Created by Henri Debeurme, Ami Cohen and Julien Lacombe, Missions is produced by Empreinte Digitale, distributed by AB International Distribution and broadcast as ten episodes.

The project was financed by three local authorities and the "New technologies in production" sector of the National Center of Cinematography and the moving image (CNC). Henri Debeurme, the co-creator and producer, said "We tend to say that genre series have a harder time being supported by traditional sources, but the French audiovisual institutions have provided almost half of the budget."

Regarding the budget, Lacombe told 20 Minutes "We are far from the budgets of the series brought to the screen by the major chains. We knew we would be budget-limited, but the audience should not feel these limits. And we do not want to complain, it forced us to be imaginative."

===Locations===
The scenes of the planet Mars were shot in Morocco. The other scenes were shot in France: in La Rochelle for the scenes inside the spacecraft, near Tours, in an open pit near Chartres and on the slopes of Mont Blanc.

==Release history==
===Series 1===
- June 2017 – OCS, French pay-TV
- September 2017 – Shudder streaming service
- May 2018 – BBC Four, British free-to-air TV. With English subtitles for non-English dialogue. Re-broadcast July 2021 and available on the iPlayer streaming service.
The German pay-TV channel RTL Passion and the Danish public broadcaster DR have also acquired rights to the series.

===Series 3===
- December 2021 – OCS, French pay-TV, in 5 episodes of 45 minutes each.
- April 2022 – BBC Four, British free-to-air TV, in 10 episodes of approximately 22 minutes each. With English subtitles for non-English dialogue. Also available on the iPlayer streaming service.

==Critical response==
The Swiss newspaper 20 Minutes and the Toulouse-based La Dépêche noted that the series should have no trouble crossing the French borders and becoming a candidate for international export, thanks to its theme and the nationally diverse cast, featured delivering their lines in a number of European languages (French, English, Italian, German and Russian).

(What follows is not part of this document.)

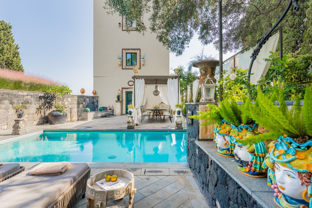 From the center of Taormina, this luxurious Italian villa enjoys beautiful sea vistas and private gardens. It's also within walking distance of the beach. Mount Etna is about an hour from home if you're up for a drive. In Taormina, spend your days lounging by the pool, sipping wine on the scenic balcony, and dining al fresco at sunset. Or walk to Corso Umberto for dinner, drinks, and dancing. Copyright © Luxury Retreats. All rights reserved.

The French language edition of HuffPost said that the series was worth seeing despite small flaws.

The Belgian free newspaper Metro reported that the retro aesthetic is quite attractive but it was sceptical about the format, commenting that "Episodes of 26 minutes are more suitable for comedies than for SF series".

In the French magazine Télérama, Pierre Langlais wrote, "Despite a tight budget, it manages to make a credible performance, thanks to an elegant staging and impeccable production. On the other hand, the dialogue is often unnatural, and the interpretation is rather uneven."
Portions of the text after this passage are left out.